Prey Acquisition > Locomotion
Given the large gap between Ptilocercus and Eocene bats (Fig. 5), along with the present evidence from embryo/juvenile bats, we can only imagine transitional stages starting with an enlarged hand (HTTaxon 1) and continuing to enlarge that hand while developing extradermal membranes (HTTaxon 2). Here’s how the current data can be used to rebuild the missing portions in the evolutionary stages of bat evolution (Fig. 5).
- The Ptilocercus state – Ptilocercus is an omnivore that pounces on insects that have landed on trees. Ptilocercus grabs its prey with its hands and kills with its mouth (Fig. 6). That’s pretty much what bats do, too.
- Hypothetical Transitional Taxon 1 stage – The five fingers are longer here. That increases the ability to grab prey, like a catcher’s mitt (Fig. 7) does with baseballs. The metacarpals were more loosely joined at their carpometacarpal joints. Conversely the fingers were bound by webbed membranes creating more flexible mitts. Perhaps lateral extradermal membranes, like those found in gliding squirrels, dermopterans and opossums, also had their genesis at this stage. Flight, such as it was, would have been restricted to close vines or branches. Frantic flapping would have supplemented each glide in a rudimentary fashion.
- Hypothetical Transitional Taxon 2 stage – Only fingers 3-5 are longer here and they form support structures for more extensive wing trailing membranes. At this stage the hand could no longer be used for traditional quadrupedal locomotion, so bats probably became inverted bipeds at this stage. When forced to, bats rested and walked on the medialventral rim of their folded hands with only their thumbs able to grab surfaces, as they do today. Flight duration continued to expand.

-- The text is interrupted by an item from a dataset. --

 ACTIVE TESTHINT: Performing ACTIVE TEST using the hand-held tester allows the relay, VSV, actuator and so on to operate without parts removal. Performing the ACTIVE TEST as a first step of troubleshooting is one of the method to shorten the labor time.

- Icaronycteris state – The lumbar vertebrae were longer. The tail was shorter. The clavicle, chest and scapula were enlarged at this stage. The ulna was a splint. The hand was full-sized and capable of both folding completely and flying competently. Flight duration had no practical limits.

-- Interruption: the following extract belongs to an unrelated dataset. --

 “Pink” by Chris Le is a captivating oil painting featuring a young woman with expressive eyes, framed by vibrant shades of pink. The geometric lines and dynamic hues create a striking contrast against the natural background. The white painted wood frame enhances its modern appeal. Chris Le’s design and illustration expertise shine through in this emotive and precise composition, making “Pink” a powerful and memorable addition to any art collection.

The following hypothetical behavioral stages gradually grade from quadrupedal pygmy civets to aerial bats. As you’ll see, bat wings developed principally for prey gathering, whether that prey was on tree branches or in mid-air.
- Arboreal prey grabbing with small hands, then eating at leisure (Ptilocercus).
- Arboreal prey gathering with larger hands, making large sweeping motions toward the body and mouth (the genesis of the flight stroke, Fig. 1) during capture and transfer to the mouth (HTT1).
- Branch-to-branch or vine-to-vine leaping/flapping with even larger hands now transforming into flying organs. Loss of the tibial malleolus increases pedal rotation. (HTT2).
- Tree-to-tree leaping/flapping with even larger hands that could be folded during inverted hanging. At this stage the whole body starts to act like a catcher’s mitt as flying insects are added to the menu. After capture the tail or wing curls in to transfer the prey to a descending skull to bite and kill while on the wing (Icaronycteris).
- Open air flapping/flying with wings large enough that juveniles/babies could be carried by mothers. Shorter tail and expanded uropatagium adds to the surface area of the ‘catchers mitt’ as these posterior elements are increasingly used for prey acquisition (Myotis) and the wings less so.
- Radiation/Evolution into various species, some frugivorous, others with echolocation.
All we have to do now
is find fossils of a Paleocene pygmy civet with large fingers, like those of an embryo bat.
Jepsen GL, MacPhee RDE 1966. Early Eocene bat from Wyoming. Science 154 (3754): 1333–1339. doi:10.1126/science.154.3754.1333. PMID 17770307.
Le Gros-Clark WE 1926. On the Anatomy of the Pen-tailed Tree-Shrew (Ptilocercus lowii.) Proceedings of the Zoological Society of London 96: 1179-1309.
DOI – 10.1111/j.1096-3642.1926.tb02241.x
Simmon NB, Seymour KL, Habersetzer J, Gunnell GF 2008. Primitive Early Eocene bat from Wyoming and the evolution of flight and echolocation. Nature 451 (7180): 818–21. doi:10.1038/nature06549. PMID 18270539.